L’attacco alla base di Akrotiri e la risposta coordinata di nove Paesi

L’operazione di sicurezza internazionale, che vede convergere verso l’isola mezzi di Stati Uniti, Regno Unito, Francia, Germania, Grecia, Italia, Spagna, Paesi Bassi e Turchia, è scattata in conseguenza dell’azione offensiva iraniana del 2 marzo, quando un drone di fabbricazione iraniana aveva centrato la base militare britannica di Akrotiri, una infrastruttura strategica per le operazioni occidentali nella regione. Gli Stati Uniti, che già avevano rafforzato la propria presenza nel Mediterraneo orientale con la portaerei USS Gerald R. Ford attraccata a Souda, a Creta, stanno coordinando le attività di intelligence e sorveglianza, mentre il Regno Unito ha ulteriormente rinforzato il contingente a Cipro con elicotteri Wildcat dotati di tecnologie anti-drone e con il cacciatorpediniere HMS Dragon. La Francia, oltre al dispiegamento della portaerei Charles de Gaulle e di una dozzina di navi da guerra, ha fatto sapere attraverso il presidente Emmanuel Macron che un attacco a Cipro equivale a un attacco all’Europa, giustificando così la robustezza della risposta militare europea.

Lo schieramento italiano tra difesa aerea e riposizionamento dei contingenti

Accanto alla fregata Martinengo, l’Italia sta valutando l’invio di ulteriori sistemi di difesa, tra cui i missili Samp-T, la cui destinazione potrebbe essere quella degli Emirati Arabi Uniti o del Kuwait, Paesi del Golfo che hanno formalmente richiesto assistenza per rafforzare le proprie capacità difensive contro le incursioni iraniane. Parallelamente al movimento navale, il governo ha avviato una parziale riorganizzazione della presenza militare italiana in Medio Oriente, con il ridispiegamento di circa duecentotrentanove militari dal Kuwait verso l’Arabia Saudita, mentre una quota ridotta del contingente – ottantadue unità – rimarrà nella base kuwaitiana di Ali al Salem, recentemente finita sotto attacco senza peraltro riportare danni significativi ai velivoli italiani.
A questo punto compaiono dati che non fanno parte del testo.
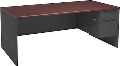 HON® 38000 Series 72'' Right Pedestal Desk, Mahogany/Charcoal (H38293RNS)
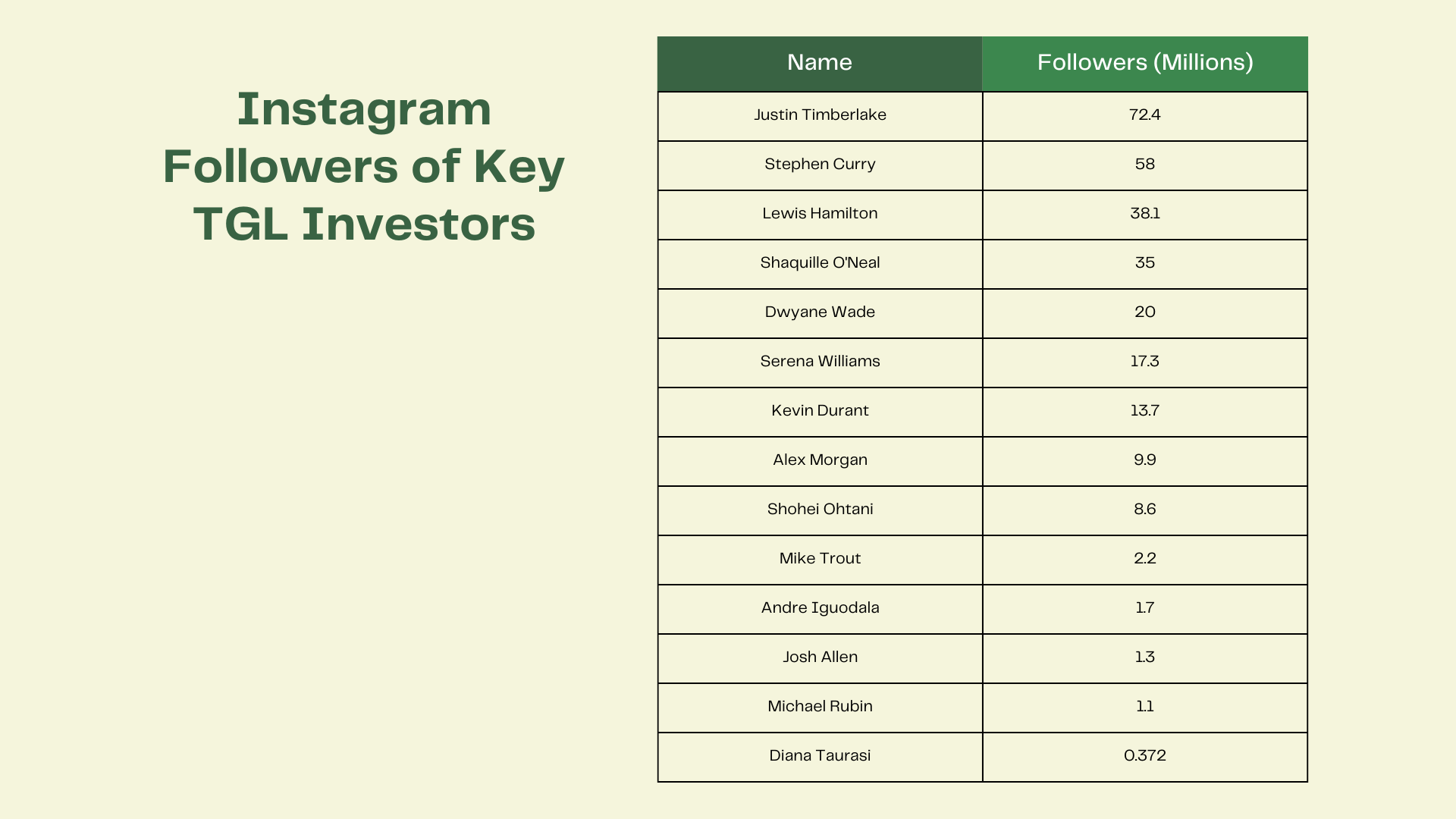 TGL investors are filled with athletes and celebrities. They also happen to have large audiences on social media.

Il ministro della Difesa, nel corso delle comunicazioni al Parlamento, ha inoltre confermato che al momento non vi è alcuna richiesta formale da parte degli Stati Uniti per l’utilizzo delle basi militari italiane – come Sigonella – per operazioni offensive, limitandosi l’impiego di tali infrastrutture ad attività di rifornimento, logistica e sorveglianza aerea già consentite dai trattati bilaterali esistenti.
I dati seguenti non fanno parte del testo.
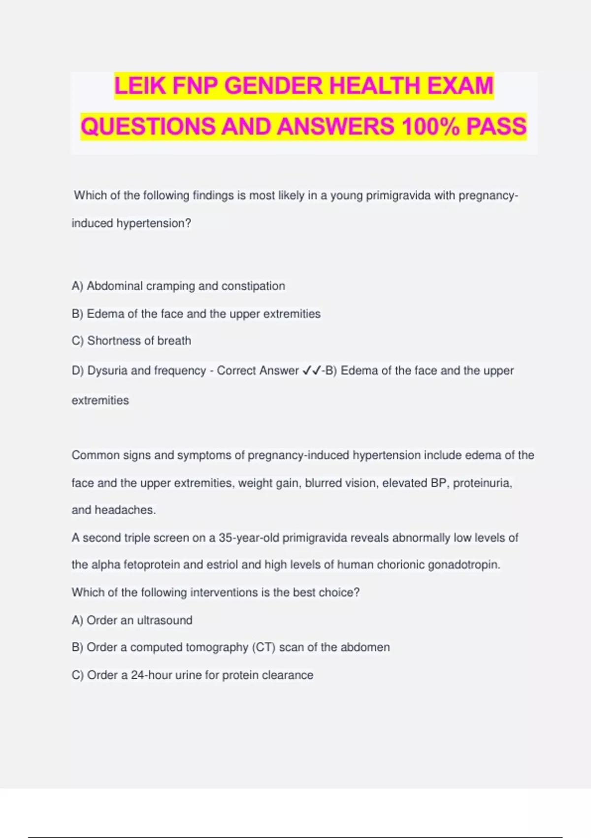 LEIK FNP GENDER HEALTH EXAM QUESTIONS AND ANSWERS 100% PASS Which of the following findings is most likely in a young primigravida with pregnancy- induced hypertension? A) Abdominal cramping and constipation B) Edema of the face and the upper extremities C) Shortness of breath D) Dysuria and frequency - Correct Answer ️️ -B) Edema of the face and the upper extremities Common signs and symptoms of pregnancy-induced hypertension include edema of the face and the upper extremities, weight gain, blurred vision, elevated BP, proteinuria, and headaches. A second triple screen on a 35-year-old primigravida reveals abnormally low levels of the alpha fetoprotein and estriol and high levels of human chorionic gonadotropin. Which of the following interventions is the best choice? A) Order an ultrasound B) Order a computed tomography (CT) scan of the abdomen C) Order a 24-hour urine for protein clearance D) Assess for a history of illicit drug or alcohol use - Correct Answer ️️ -A) Order an ultrasound Abnormally low levels of alpha fetoprotein and estriol and high levels of human chorionic gonadotropin are abnormal during pregnancy. An ultrasound should be ordered to further evaluate the fetus for characteristics of Down syndrome and/or fetal demise. A 35-year-old primigravida who is at 28 weeks of gestation is expecting twins. What would you would expect her alpha fetoprotein (AFP) values to be? A) Normal B) Higher than normal C) Lower than normal D) None of the above - Correct Answer ️️ -B) Higher than normal Alpha fetoprotein is produced in the fetal and maternal liver. Higher levels of alpha fetoprotein are commonly seen in multiple gestations due to the growing fetuses and enlargement of the livers. Fetal TORCH infections can cause microcephaly, mental retardation, hepatospleno- megaly, and intrauterine growth retardation. The acronym TORCH stands for: A) Toxoplasma gondii, other infections, rubella, cytomegalovirus, and herpes B) Toxic shock syndrome, ocular infections, rubella, cytomegalovirus, and herpes zoster C) Tetanus, ophthalmic infections, roseola, cancer, and head abnormalities D) Toxins, other infections, roseola, candidiasis, and head abnormalities - Correct Answer ️️ -A) Toxoplasmagondii, other infections, rubella, cytomegalovirus, and herpes The acronym TORCH stands for Toxoplasma gondii, Other infections, Rubella, Cytomegalovirus, and Herpes. Although several of the conditions listed in the other answer options can also cause fetal problems, they are not included in the TORCH acronym. Human papilloma virus (HPV) infection of the larynx has been associated with: A) Laryngeal neoplasia B) Esophageal stricture C) Cervical cancer D) Metaplasia of esophageal squamous cells - Correct Answer ️️ -A) Laryngeal neoplasia HPV infection of the larynx has been associated with laryngeal neoplasia; HPV infection of the cervix is associated with cervical cancer. A multigravida who is at 28 weeks of gestation has a fundal height of 29 cm. Which of the following is the best recommendation for this patient? A) Advise the mother that her pregnancy is progressing well B) Order an ultrasound of the uterus C) Refer her to an obstetrician for an amniocentesis D) Recommend bed rest with bathroom privileges - Correct Answer ️️ -A) Advise the mother that her pregnancy is progressing well From 20-35 weeks' gestation, fundal height should equal weeks gestation. If greater than 2 cm within the gestational week of pregnancy, further testing should be performed to evaluate fetal growth A multigravida who is at 34 weeks of gestation wants to know at what level her uterine fundus should be. The best answer is to advise the mother that her fundus is: A) Midway between the umbilicus and the lower ribs B) At the level of the umbilicus C) From 33 to 35 cm D) From 32 to 34 cm - Correct Answer ️️ -C) From 33 to 35 cm After 20 weeks gestation, fundal height in centimeters should measure approximately the same as the number of weeks of gestation Precocious puberty is defined as the onset of secondary sexual characteristics before the age of: A) Age 7 in girls and age 8 in boys B) Age 8 in girls and age 9 in boys C) Age 9 in girls and age 10 in boys D) Age 9 for both girls and boys - Correct Answer ️️ -B) Age 8 in girls and age 9 in boys Precocious puberty is defined as onset of secondary sexual characteristics by the age of 8 years in girls and 9 years in boys. At what Tanner stage does puberty start? A) Tanner Stage I B) Tanner Stage II C) Tanner Stage III D) Tanner Stage IV - Correct Answer ️️ -B) Tanner Stage II Puberty is defined as the period in life when secondary sexual characteristics begin to develop, identified as Tanner Stage II for boys and girls. A 14-year-old teen is worried that she has not started to menstruate like most of her friends. During the gynecological examination, the nurse practitioner tells the mother, who is in the room with the patient, that her daughter is starting Tanner Stage II. What are the physical exam findings during this stage? A) Breast buds and some straight pubic hair B) Fully developed breasts and curly pubic hair C) Breast tissue with the areola on a separate mound with curly pubic hair D) No breast tissue and no pubic hair - Correct Answer ️️ -A) Breast buds and some straight pubic hair Tanner Stage II in females includes breast buds and few straight, fine pubic hairs. You note that your 11-year-old female patient is at Tanner Stage II. You would advise her mother that menarche will probably start in: A) 1 to 2 years B) 2.5 to 3 years C) 4 years D) It is dependent on the girl's genetic makeup - Correct Answer ️️ -A) 1 to 2 years Menarche normally begins approximately 1-2 years following Tanner Stage II. Average age is 11.8 years old. The mother of a 16-year-old boy is concerned that her son is not developing normally. On physical exam, the patient is noted to have small testes with no pubic or facial hair. What is the most appropriat

Le dichiarazioni della presidente Meloni e il perimetro dell’azione italiana

Nel messaggio video diffuso nei giorni scorsi, Meloni ha ribadito come l’invio della fregata rappresenti un atto di solidarietà europea e soprattutto di prevenzione, volto a tutelare i confini dell’Unione e a scongiurare un’ulteriore estensione del conflitto. Le consultazioni strette con Francia, Germania e Regno Unito, ha aggiunto la premier, mirano a coordinare l’azione diplomatica e militare dei quattro grandi Paesi europei per mantenere aperto un canale di dialogo con tutti gli attori regionali, nonostante la crescente tensione che ha portato anche la Grecia a inviare le proprie fregate Kimon e Psara – quest’ultima dotata del sistema anti-drone Centauros – e a schierare un sistema Patriot sull’isola di Karpathos a protezione della parte orientale di Creta. La Turchia, da parte sua, ha fatto affluire a Cipro Nord sei aerei F-16 e sistemi di difesa aerea, muovendosi in uno scacchiere che vede ormai l’isola divisa de facto al centro di un dispositivo militare multinazionale senza precedenti per ampiezza e composizione.